▶ _WHAT YOU WILL DO_
A verbatim transcript of the data below is required, images omitted.

▶ _STORED DATA_
________

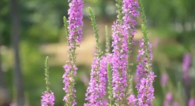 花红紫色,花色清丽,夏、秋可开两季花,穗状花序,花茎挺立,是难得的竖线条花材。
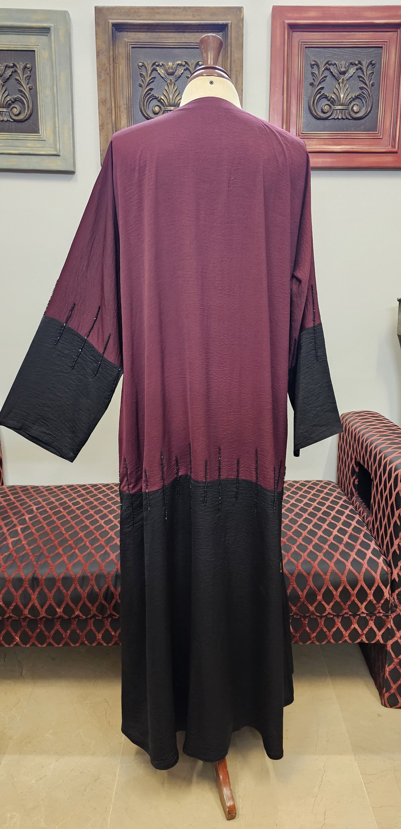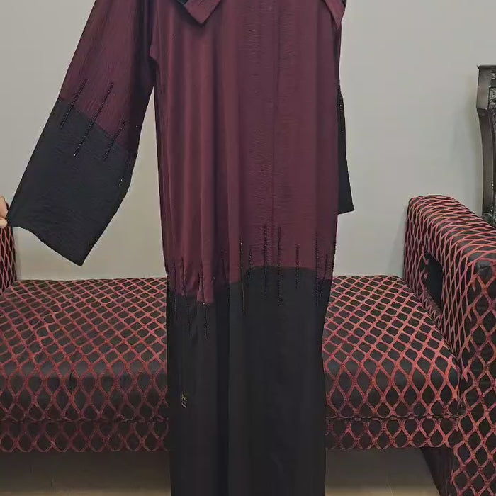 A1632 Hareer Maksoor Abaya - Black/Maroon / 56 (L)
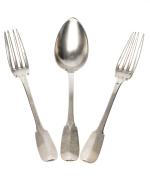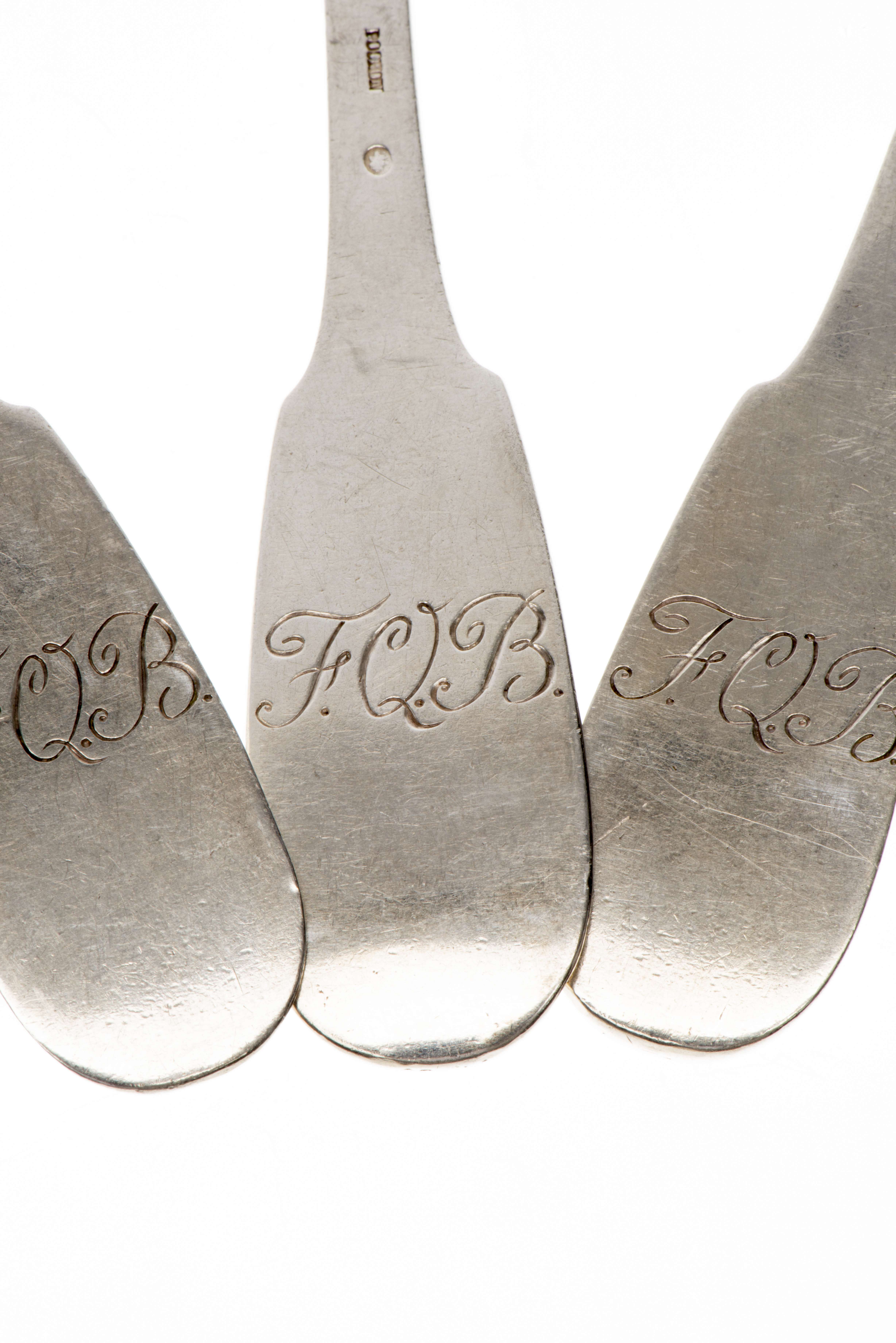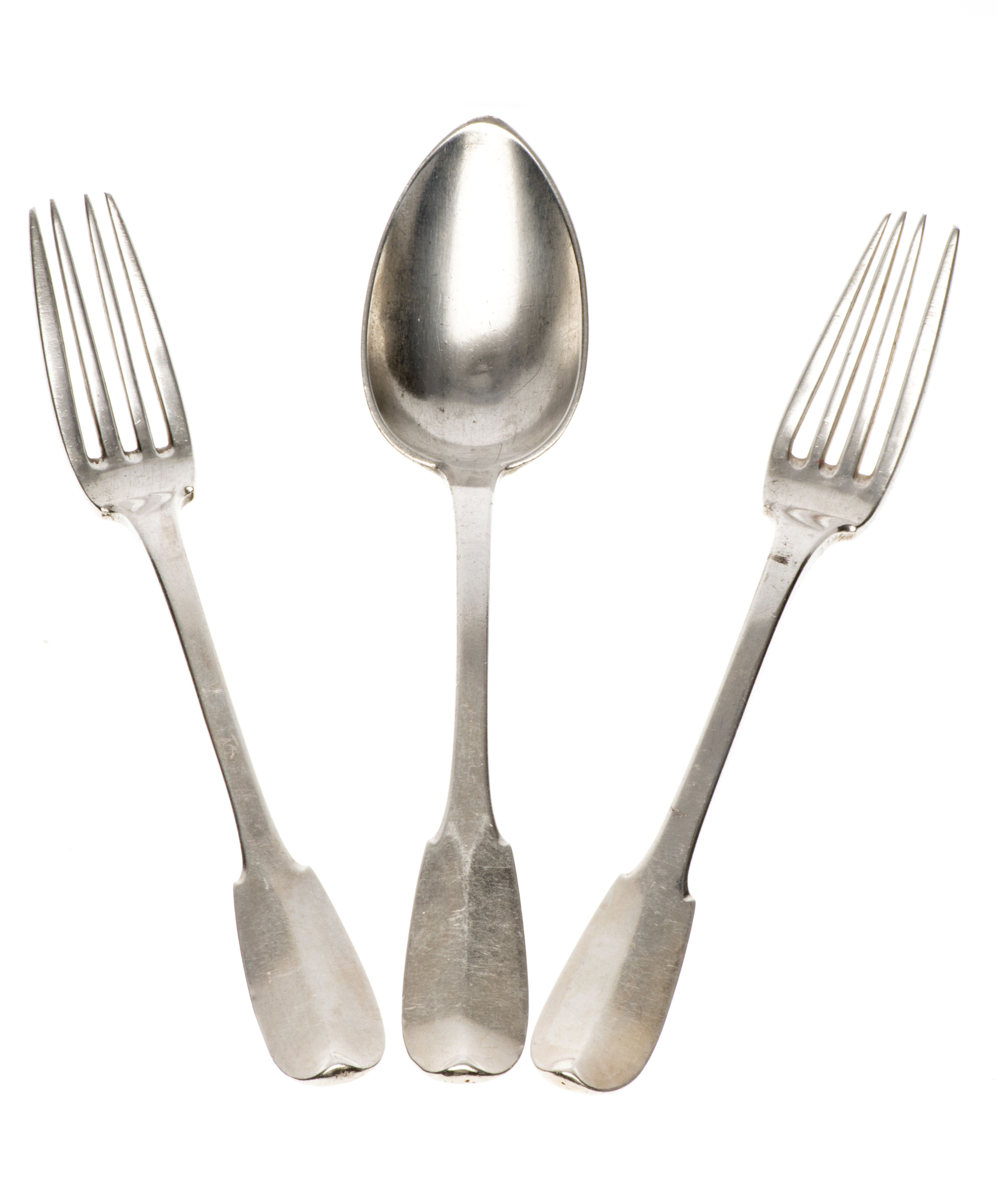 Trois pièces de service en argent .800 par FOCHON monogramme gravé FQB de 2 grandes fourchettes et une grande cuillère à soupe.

________

▶ _EXERCISE RESPONSE_
 花红紫色,花色清丽,夏、秋可开两季花,穗状花序,花茎挺立,是难得的竖线条花材。
 A1632 Hareer Maksoor Abaya - Black/Maroon / 56 (L)
 Trois pièces de service en argent .800 par FOCHON monogramme gravé FQB de 2 grandes fourchettes et une grande cuillère à soupe.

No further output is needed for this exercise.